Господин Уари, испугавшийся наказания (медэкспертиза зафиксировала следы побоев на теле дочери после свидания с отцом), обвинил бывшую супругу в поджоге его квартиры.

Несмотря на бесспорное алиби, представленное французской полицией, Захарова получила три года тюрьмы! После четырех месяцев заключения в самой страшной французской тюрьме Флери-Мерожис  благодаря вмешательству Минюста России ее перевезли на родину, где она была помещена в костромскую колонию №3 в поселке Прибрежном. Дальше было помилование Президента РФ Дмитрия Медведева, и вчерашняя узница – многие в нашем городе помнят тот ошеломляющий момент – оказалась гостьей кинофестиваля «Созвездие». В последнее время  актриса занимается правозащитной и общественной  деятельностью, является помощником  уполномоченного при Президенте РФ по правам ребенка, ею издана книга «Верните мне дочь». Люди, продолжающие следить за судьбой матери, разлученной с дочерью, спрашивают: чем же завершилась восемнадцатилетняя борьба россиянки с французским ювенальным правосудием? Где сейчас повзрослевшая Маша и видится ли она с мамой? У газеты «Голос народа» появилась возможность задать эти вопросы самой Наталье Захаровой.
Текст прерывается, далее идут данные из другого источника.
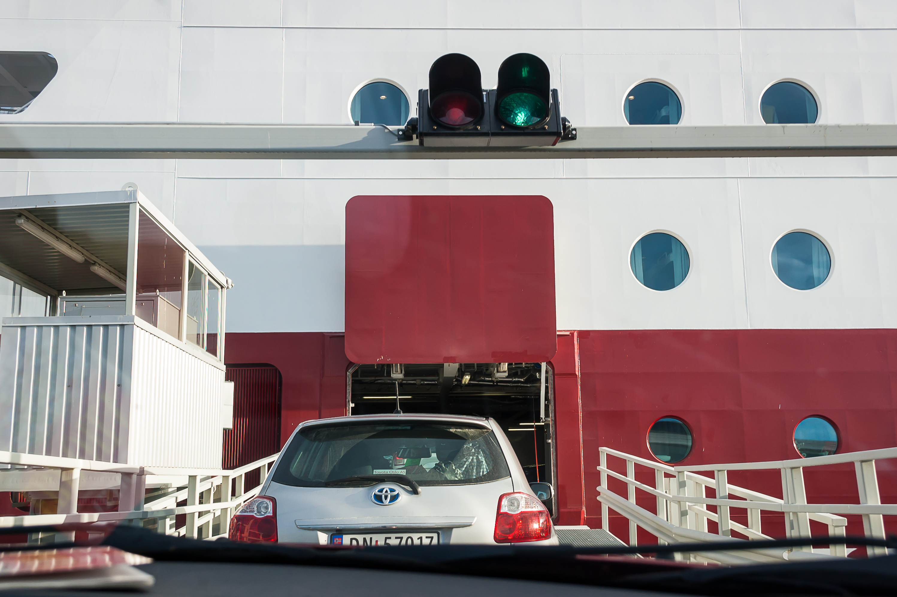 5. Въезжаем на автомобильную палубу. Персонал парома жестами показывает вам, куда проехать. В целом погрузка на паром — задача очень простая (в моем случае это означает «не нужно ни с кем говорить»), хотя мне все-таки интересно, что будет, если, заезжая, в кого-нибудь врежешься и заблокируешь всех остальных.
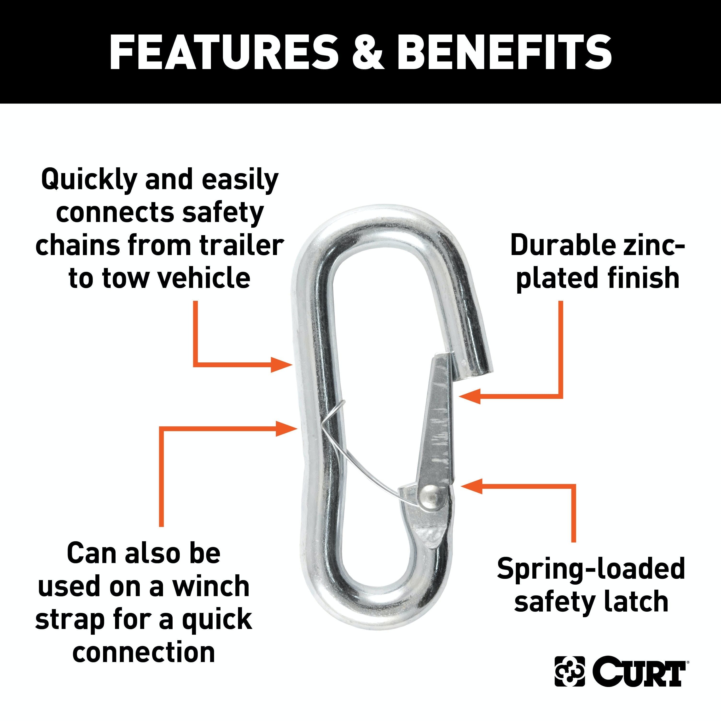 CURT 81288 Snap Hook Trailer Safety Chain Hook Carabiner Clip, 9/16-Inch Diameter, 5,000 lbs
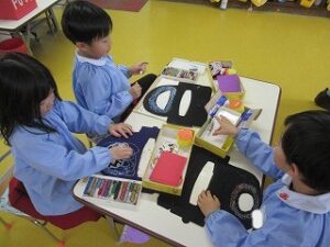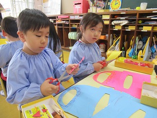 今日は、口の周りにモジャモジャのお髭をパスで描いたり、鬼の口に強そうな牙を画用紙で切り貼りして作りました。
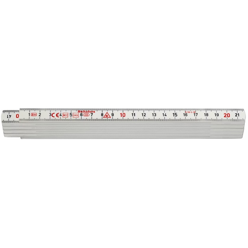 Mètre pliant en polyamide renforcé de fibres de verre. Le matériau possède une excellente résistance à l'humidité. Le mètre pliant a une gradation métrique noire des deux côtés, avec les chiffres des décimètres en rouge. Quantité de commande minimum de 300 unités.

Больше отняли – больше заработали

  — Наталья, сейчас вы уже стали опытным правозащитником и  помогаете другим. А тогда, во Франции будучи мамой маленькой дочки, имели хоть какое-то представление о ювенальной юстиции?

 — Ни малейшего! Только тогда, когда  в 2000 году создала в Париже  с друзьями-французами правозащитную ассоциацию «Защитите Машу»  и  начали бороться за мою дочь, к своему ужасу  стали осознавать, с чем нам предстоит сражаться. Ювенальная система была создана во Франции сразу после второй мировой войны и, причем, с благородной целью – собрать с улиц ребятишек, лишившихся родителей. Но, как известно, потери  Пятой республики в войне несопоставимы с потерями нашей страны, и беспризорников было не так уж  много. И  с годами  система стала работать на саму  себя. На сегодняшний день во Франции на ювенальную юстицию выделяется более 6 миллиардов евро в год. Деньги огромные, и государство убеждает всех, что они  тратятся не зря. Если для российского менталитета ребенок, попавший в приют, – это драма, и мы стараемся в любом случае  сохранить родственные связи,  то в Европе – это проблема обеспечения работой большого числа людей. Во главе угла – не судьба ребенка, а  финансовый интерес. История Маши – тому подтверждение. В три года ее отняли по просьбе  Патрика, который не хотел платить алименты после развода. И французское правосудие вовсе не шокировало, что все эти годы он твердил:  держите ее в приемной семье, ей там лучше.  В течение почти восемнадцати лет, что я боролась за Машу, ни от одного представителя ювенальной системы (в основном это женщины) ни разу не услышала: «Как вам не стыдно – вы отдали дочь на шею государству! Почему сами ее не воспитываете?» А потому и не услышала, что им этого и не нужно. Чем больше отнятых детей, тем больше государство им платит!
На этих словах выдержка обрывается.